### ACTIVITY
Transcribe the listing exactly, so that nothing but the pictures is missing.

### DATA SECTION
========================================================================

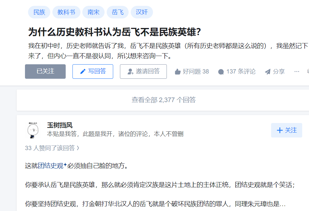所以,關於岳飛的評價問題,應該結合當時歷史背景,當時歷史條件下,岳飛對抗北方金國軍隊南下,當然具有合理性,當然是民族英雄。但是當今中華民族,是包括漢族和北方所有遊牧民族,甚至後來的漢族本身,就已經融合了南下的北方遊牧民族,漢族概念本身就已經發生了巨大變化。
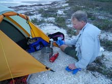 Pehr and Sammy set up a tent on the beach while Stan rigged a boom tent on Spartan and camped aboard.
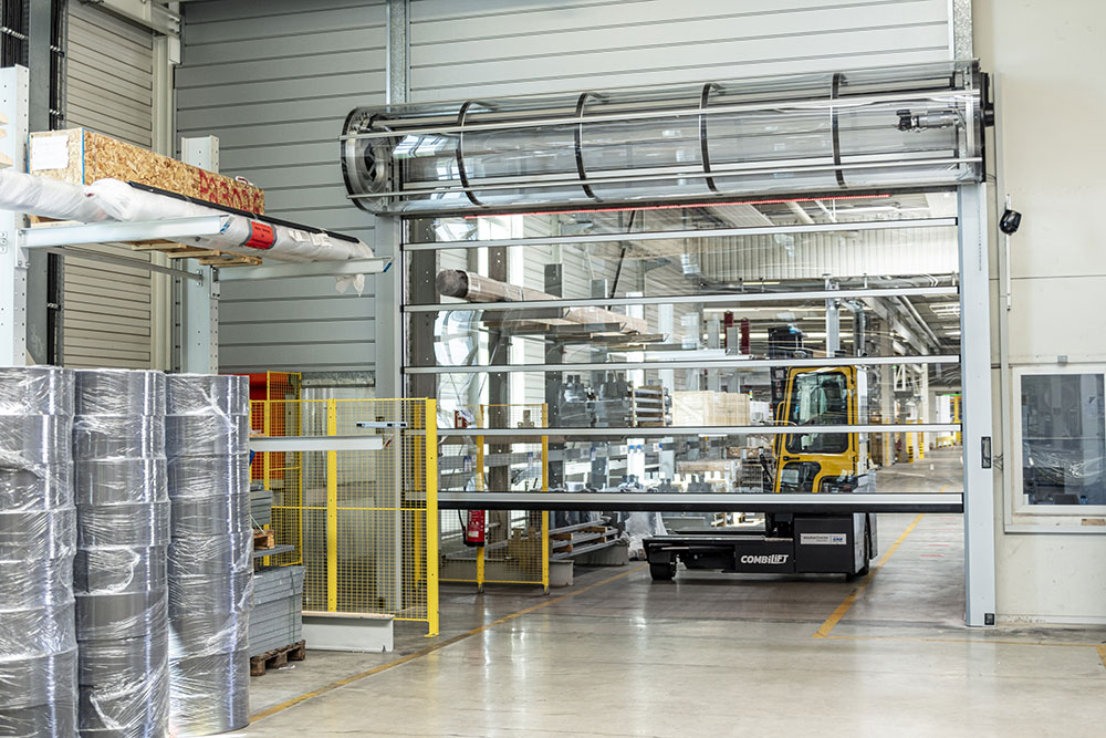 Бързодвижещата се врата HS 5040 TurboLux S от Hörmann, със своята скорост на отваряне от над 4 m/s е най-бързата врата със спираловиден механизъм на света. Прозрачното 90 процента платно осигурява добра видимост и висока степен на осветеност.
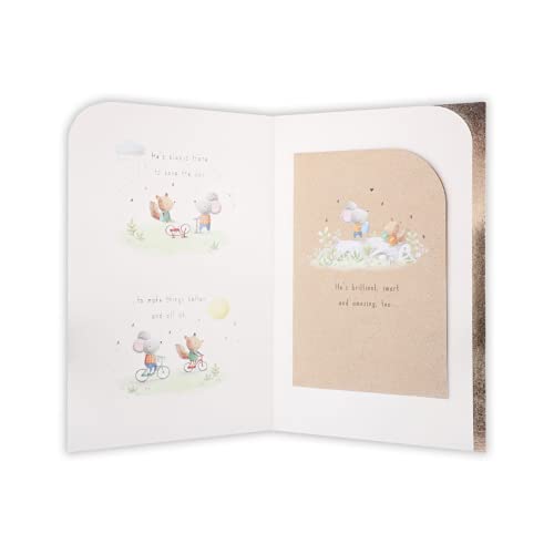 All'interno del messaggio recita: He's always there to save the day... ... to make things better and all ok (insert 1) He's brilliant, smart and amazing, too... (insert 2) ...I'm proud to have a Dad like you! (inserire 3) Festa del papà felice con un sacco di amore

========================================================================

### WRITTEN SOLUTION
所以,關於岳飛的評價問題,應該結合當時歷史背景,當時歷史條件下,岳飛對抗北方金國軍隊南下,當然具有合理性,當然是民族英雄。但是當今中華民族,是包括漢族和北方所有遊牧民族,甚至後來的漢族本身,就已經融合了南下的北方遊牧民族,漢族概念本身就已經發生了巨大變化。
 Pehr and Sammy set up a tent on the beach while Stan rigged a boom tent on Spartan and camped aboard.
 Бързодвижещата се врата HS 5040 TurboLux S от Hörmann, със своята скорост на отваряне от над 4 m/s е най-бързата врата със спираловиден механизъм на света. Прозрачното 90 процента платно осигурява добра видимост и висока степен на осветеност.
 All'interno del messaggio recita: He's always there to save the day... ... to make things better and all ok (insert 1) He's brilliant, smart and amazing, too... (insert 2) ...I'm proud to have a Dad like you! (inserire 3) Festa del papà felice con un sacco di amore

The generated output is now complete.